# Help!!!!! - Connecting HTPC to AVR?????



## rafath23 (May 28, 2010)

Hello all
i have a creative gigaworks S750 HTPC
i wanted to kno if its possible to hook these up to an AVR
i did some reading about active and passive speakers... the S750 is a set of active speakers...
to be honest i dont understand ne of this...
since i got my HDTV n PS3 ive been wanting to hook these up, unfortunately the device needed to do so has not been in production for quite some time now...

i did want to buy one of the Onkyo Home Theater Packages, but then thought the S750 would just be rotting in the storeroom... a lot of money was spent, not to mention the expensive sound card for the PC itself... i do not want it to go to waste... so plz help me...

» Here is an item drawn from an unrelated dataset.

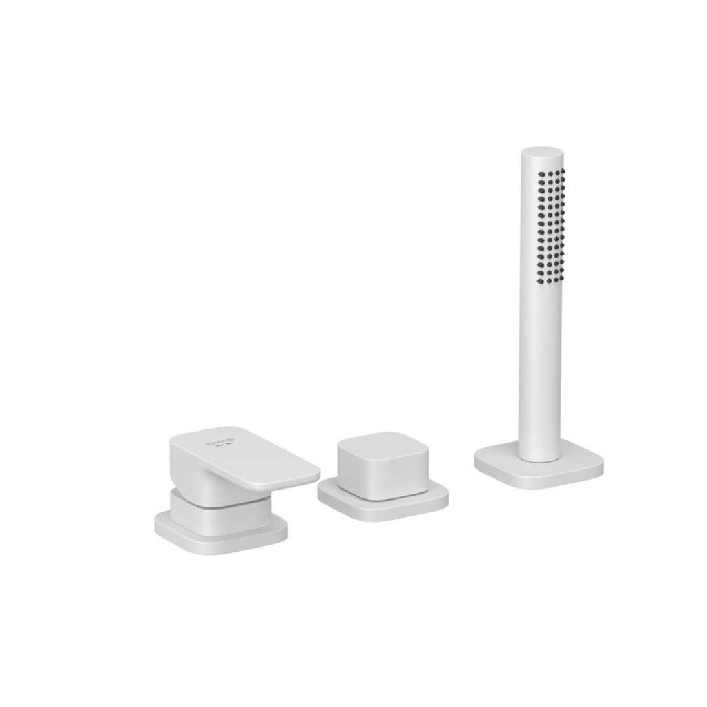 Páková 3-otvorová vanová baterie barva matná bílá pákové ovládání 3-otvorová stojánková montáž keramická kartuše s možností omezení max. teploty vody automatický přepínač sprcha/vana zabezpečeno proti zpětnému nasátí vody vytažitelná ruční sprcha - 1 proud sprchová hadice 1500 mm bez vanového výtoku průtok vana 23 l/min při 3 bar průtok sprcha 13 l/min při 3 bar bez flexibilních přívodních trubek 7544605-00

if it is possible to connect the S750 to an AVR plz let me kno which AVR wud be the best (personally would prefer if it was frm Onkyo) and how am i supposed to connect it to the AVR...

Thanx
Rafath23


----------



## Matteo (Jul 12, 2006)

I am not familiar with the system, but it sounds like you want to hook up a PC to your AVR? Being an active speaker typically means that each speaker has its own amplifier, rather than on a passive speaker design, where one would use an external amplifier, like and AVR. You can certainly hook up a PC to your AVR but your outputs/inputs will determine the best way to do that. Someone here with more knowledge about your system can probably be more specific, but I would need more information before I could advise you further. 

Matteo


----------



## rafath23 (May 28, 2010)

thanx for your reply Matteo

i tried to paste the link to the Creative S750's technical specs... but since im a new member here i wasnt allowed to... if u can google "creative gigaworks s750 review" it shud be the 1st link on there from "xbitlabs" i believe everythin u wud need to kno bout the system is on there (frm specs to performance to connectivity etc) if you or ne1 else can have a look n help me out i wud really appreciate it...

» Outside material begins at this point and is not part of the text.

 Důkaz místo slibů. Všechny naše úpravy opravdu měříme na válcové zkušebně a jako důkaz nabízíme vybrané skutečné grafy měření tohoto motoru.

also i wud like to inform you that i have been goin thru onkyo's new line of receivers n am interested in 3 of em... the tx-nr 1008, tx-nr 808 & tx-nr 708

now which one of these i buy depends on whether or not i can use the S750's, if u can use it then i can go for the tx-nr 1008, hook up the s750's speakers and buy an additional pair to complete the 9.2 setup... if not then ill have to go for the tx-nr 708 and 5.1 speaker system (which i really dont want to do)

thanx in advance for ne/all your help...


----------



## Mike P. (Apr 6, 2007)

A search turned up this:

http://wiki.answers.com/Q/How_do_yo...s_for_center_LFE_front_surround_rear_surround

Option one:

_You need 4 sets of twin RCA (Phono) male to 3-poles minijack. Plug the four sets of minijack to be back of the Gigaworks and 8 phono to the back of your AV receiver (Pre-Amp Out). Lime = Front L/R, Orange = Cen/Sub, Black = Rear L/R, Grey = Side L/R _

I believe the Onkyo receivers have the necessary pre out connections. Page 10 of the TX-NR808 manual:

http://filedepot.onkyousa.com/Files...essionid=f030df597234cc979d9b2e6e4d1bb5928197


----------



## rafath23 (May 28, 2010)

thanks *A LOT* mike... really appreciate it...

now that i kno i can hook up the speakers my next concern is "RMS wattage and Impendence" the last line of the link u gave reads "Make sure you check your AV's RMS wattage and Impendence. Otherwise you might blow your speakers."

this is wat i got regarding the S750

Technical Characteristics

Overall frequency response - 25Hz – 40kHz
Signal-to-Noise ratio (SNR) - 99dB
Satellite power - 70W RMS per channel (70x7)
Satellite diffuser diameter - 3”-midwoofer, 1”-tweeter
Subwoofer power - 210W RMS
Subwoofer diffuser diameter - 8”
Subwoofer dimensions - 315mmx315mmx315mm

ok so im not sure if this is the relevant information u need, but if it is, based on these specs is it possible to use the S750 wit the Onkyo TX-NR 1008/TX-NR 808/TX-NR 708?


----------